EXERCISE REQUIREMENTS: In the entries below, find the line with "Travel style poster" and the line with "スコットランドの最高裁が「国". Reproduce those two lines and every line between them exactly, and nothing more.

DATASET EXCERPTS:
○ ○ ○ ○ ○ ○ ○
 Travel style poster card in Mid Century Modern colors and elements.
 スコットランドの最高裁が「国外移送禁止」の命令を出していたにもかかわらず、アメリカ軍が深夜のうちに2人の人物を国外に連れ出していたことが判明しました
○ ○ ○ ○ ○ ○ ○
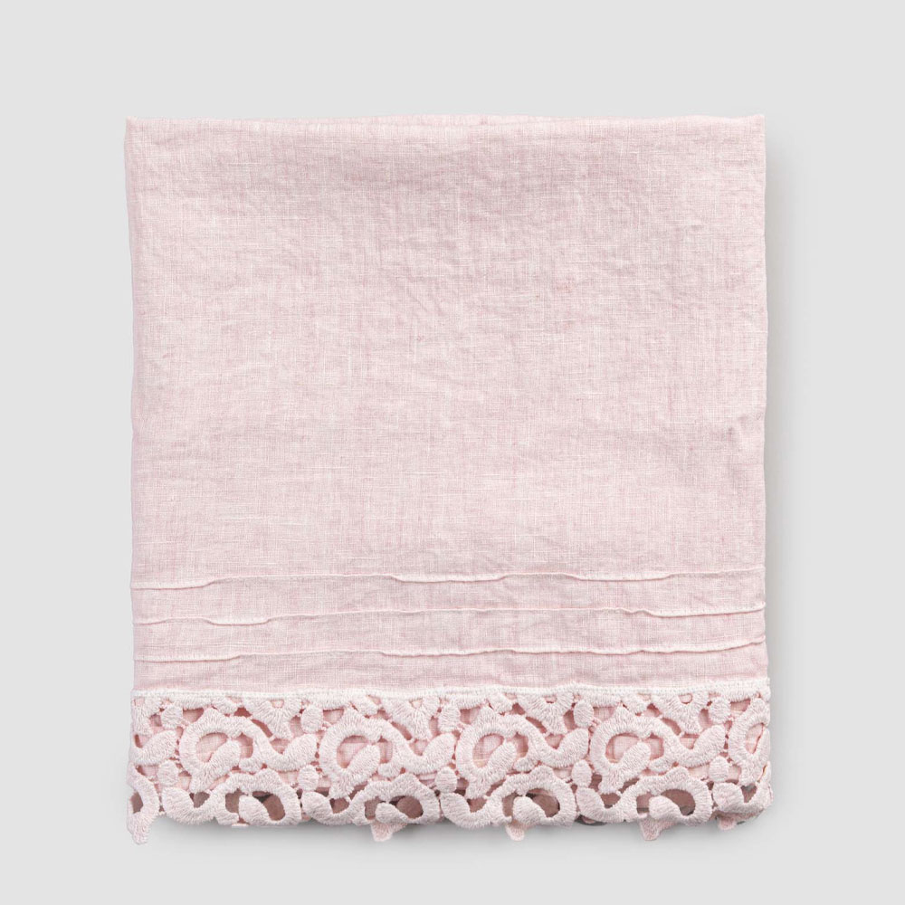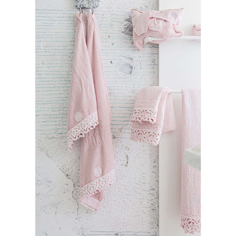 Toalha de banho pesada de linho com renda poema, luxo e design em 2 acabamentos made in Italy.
○ ○ ○ ○ ○ ○ ○
REPLY:
 Travel style poster card in Mid Century Modern colors and elements.
 スコットランドの最高裁が「国外移送禁止」の命令を出していたにもかかわらず、アメリカ軍が深夜のうちに2人の人物を国外に連れ出していたことが判明しました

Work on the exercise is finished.